I've given you time, space and freedom to do whatever you want.

that what is wrong??
...well... everything!

I'm so tired of waking up at 4 am and reading an email of yours that just keeps making me cry.
Leaving me with out being able to sleep.

I've been trying to put my life together,
little by little,
my restaurant, my family, my heart, my mind.
I don't want to keep going on this way.
Do you understand?

If you want to tell me something at least have the courage to call.
And please don't tell me its impossible, because that is bullshit!!
An email about a guy kissing you was the best you could do?
You drop a couple of lines justifying yourself and saying how it all went wrong??
yeah! i can tell you are sad,
i can tell you fell the same way i do. HA!
An email about how you went out with all your friends that you just met and that you all got drunk and dance and made out with someone.
But no it was not your fault????!!!

No one comes out of the bloom and gives you a kiss, no one!!
You probably flirted with him as you usually do, and you cant seem to control it.

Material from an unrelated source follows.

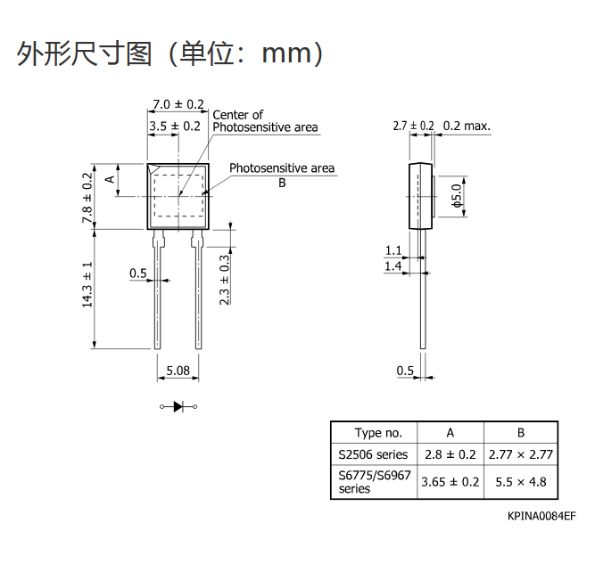 HAMAMATSU滨松 硅光电二极管 S6775 详细参数 受光面 5.5 × 4.8 mm 像素数 1 封装 塑料 散热 非冷却型 反向电压(最大值) 20 V 灵敏度波长范围 320 至 1100 nm 最大灵敏度波长(典型值) 960 nm 感光灵敏度(典型值) 0.55 A/W 暗电流(最大值) 10000 pA 截止频率(典型值) 15 MHz 结电容(典型值) 40 pF 噪声等效功率(典型值) 1.8×10-14 W/Hz1/2 测量条件 典型值 Ta=25°C,感光灵敏度:λ = 780 nm,暗电流:VR = 10 V,截止频率:VR = 10 V,结电容:VR = 10 V,f = 1 MHz,噪声等效功率:VR = 10 V,除非另有说明 0755 84689265 手机/微信:18320955412 QQ:2423332841 邮箱:2423332841@qq.com ...

You can't keep hiding, you have to learn to confront your problems,
and yes this is A problem.
CALL and tell me what happened, why it all started.
You can't be that coward
Please don't lie to yourself, all that's happening you brought it upon you,
open your eyes.
I've done nothing, not one single thing!
not one!!!

Every day i'm growing more confused and more doubtful about why i even talk to you
or care about you.
I don't want to be mad
I don't want to be bitter
I want to be a nice person the person that i am!
I am a nice, respectful and honest person.